WISP
- Doylestown, Pennsylvania; United States;
- Frequency: 1570 kHz

Programming
- Format: Religious

Ownership
- Owner: Holy Spirit Radio Foundation, Inc.

History
- First air date: 1948
- Former call signs: WBUX (1948–1999)

Technical information
- Licensing authority: FCC
- Facility ID: 48310
- Class: B
- Power: 5,000 watts day 900 watts night
- Transmitter coordinates: 40°19′34.00″N 75°9′40.00″W﻿ / ﻿40.3261111°N 75.1611111°W

Links
- Public license information: Public file; LMS;
- Website: holyspiritradio.org

= WISP (AM) =

WISP (1570 AM) is a radio station broadcasting a religious format. Licensed to Doylestown, Pennsylvania, United States.
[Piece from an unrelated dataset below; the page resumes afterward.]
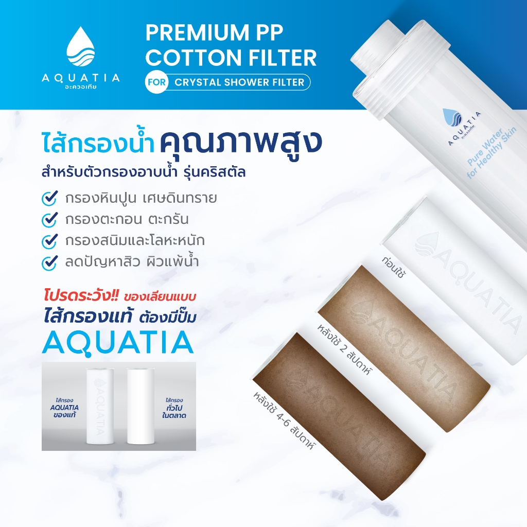 [ตัวกรอง+ไส้กรอง3ชิ้น] Aquatia ที่กรองน้ำฝักบัวรุ่น Crystal (อะควอเทีย ฟิลเตอร์กรองน้ำ)

The station is currently owned by Holy Spirit Radio Foundation, Inc.

==History==
The station went on the air in 1948. WBUX went through multiple formats throughout many years. First as a country format in the 1960s, and later to MOR in 1970, Top 40 in 1975, and back to MOR a short time later. In 1988, the station dropped its MOR format for an Adult Standards format, but would later flip to News/Talk a year later. It remained as a talk station until flipping to a 1970s music format in 1994. Three years later in 1997, the format changed to an oldies format. A couple of years later, the station went back to news/talk before changing its callsign to WISP in 1999 and flipping to its current christian format.